A mulher que odeia os homens

David Fincher adapta o primeiro dos três romances de Stieg Larsson: é mais cinema que a versão sueca, mas falta-lhe Noomi Rapace

Havia, genuinamente, necessidade de voltar a adaptar ao cinema os romances da trilogia “Millennium” de Stieg Larsson, dois anos apenas após a produção de uma versão escandinava (feita originalmente a pensar na televisão, é verdade, mas estreada em sala)? Digamos que, para lá da tradicional fuçanguice autista dos estúdios americanos e da sua alergia a tudo o que seja falado noutras línguas que não o inglês, havia espaço para se fazer melhor. Os três filmes suecos não passavam de peças funcionais à medida de uma “soirée” televisiva meio distraída, com um ponto grande a favor na presença de Noomi Rapace, que encarnava a heroína gótico-psicótica Lisbeth Salander como se nunca tivesse feito outra coisa na vida.


E faz todo o sentido que seja David Fincher a assumir as rédeas desta “remake”, ou não fossem Lisbeth e o jornalista Mikael Blomqvist, heróis falíveis e fortes, obsessivos e trágicos, à medida das personagens principais da sua filmografia. Não deve, igualmente, ser mera coincidência que os crimes desvendados pela “hacker” asocial e pelo jornalista desacreditado enquanto investigam o passado de uma rica família industrial sueca transportem longínquos ecos de dois dos filmes-chave do realizador americano: “Sete Pecados Mortais” e “Zodiac”.

Nas mãos de Fincher e do argumentista Steven Zaillian, assim, o primeiro dos três romances de Larsson ganha uma fluidez e uma inquietação envolventes, confirmando o cineasta americano como mestre do enquadramento atmosférico.

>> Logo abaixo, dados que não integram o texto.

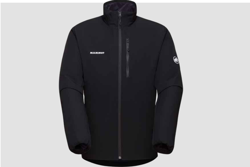
Mtn Pro 2.0 IN Jacket Men 1013-02890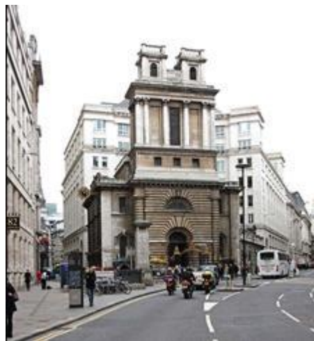
Lombard Street, London

London, is a street notable for its connections with the City of London's merchant, banking and insurance industries,

O que “Os Homens que Odeiam as Mulheres” tem que o original de Niels Arden Oplev não tinha é a sensação de pântano traiçoeiro de uma sociedade que esconde uma tonelada de esqueletos no armário por trás da sua aparência de funcionalismo-IKEA. É um filme mais duro, mais impiedoso, que lança igualmente um olhar perturbante sobre uma sociedade da informação onde os segredos o são cada vez menos ou por um menor espaço de tempo.

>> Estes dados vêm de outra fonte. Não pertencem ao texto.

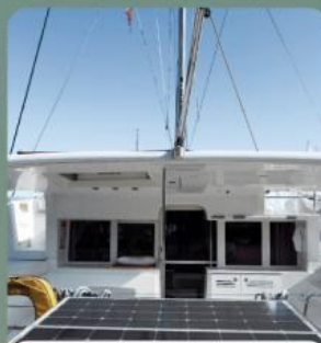
02 FOR Yacht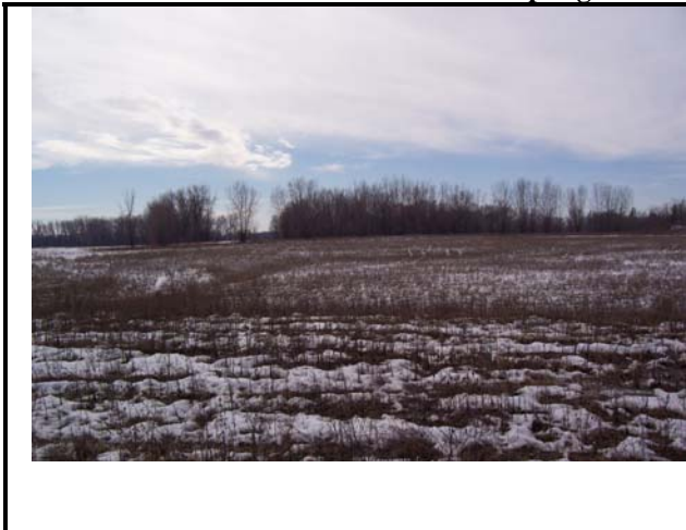
Photo 17. AOC 7C. Looking south at the location of the former Coal Storage Area. (2)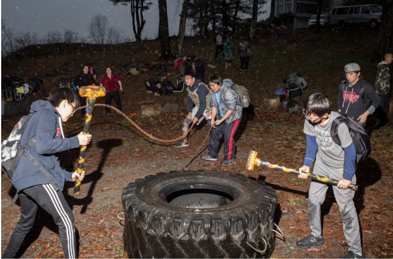
Church members do outdoor circuit training. Some members are part of the church's Peace Police/Peace Militia.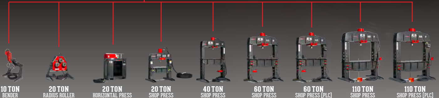
10 TON BENDER

TURN THE PAGE TO VIEW OUR FULL LINE OF ATTACHMENTS & ACCESSORIES FOR THE 120 TON IRONWORKER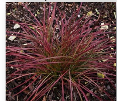
Miscanthus s. 'Little Miss'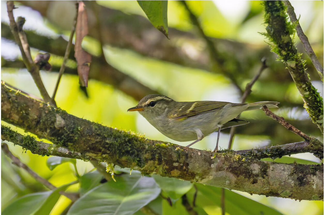
Emei Leaf Warbler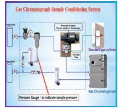
Revamping sampling system of Analyzers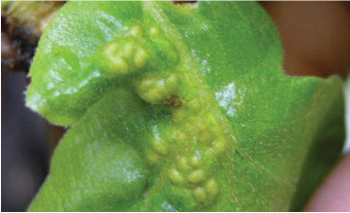
Figure 4. First or gamic (sexual) generation foliar cluster galls.

asexual or agamic generation (Figure 5). Listed below are descriptions for those life history stages and galls that have been previously described.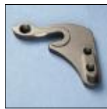
(B4006) 6061 Aluminium, Black Anodized, Right Side for Flat/Flanged Sliding Dropout, Hanger

Mas perde-se onde, ironicamente, mais importava ganhar - na Lisbeth de Rooney Mara, mais autista e menos humana que a de Noomi Rapace. É uma criação de uma nota só, que nunca penetra realmente até ao núcleo da personagem, tanto mais quanto Daniel Craig é uma excelente opção para a personagem de Blomqvist e o restante elenco consegue fazer milagres com apenas duas ou três cenas (Steven Berkoff e Joely Richardson são extraordinários). O resultado desvia o centro de gravidade de Lisbeth para Blomqvist, com Fincher a subalternizar o mistério policial no centro da trama, reduzindo-o a um simples pretexto para um exercício de estilo virtuoso na construção de uma atmosfera inquietante de corrupção profunda, à medida de um realizador perfeccionista. É um filme eficaz e intrigante, cerebral q. b., mas ao qual falta aquele “rasgo” que o elevasse acima do mero funcionalismo de luxo.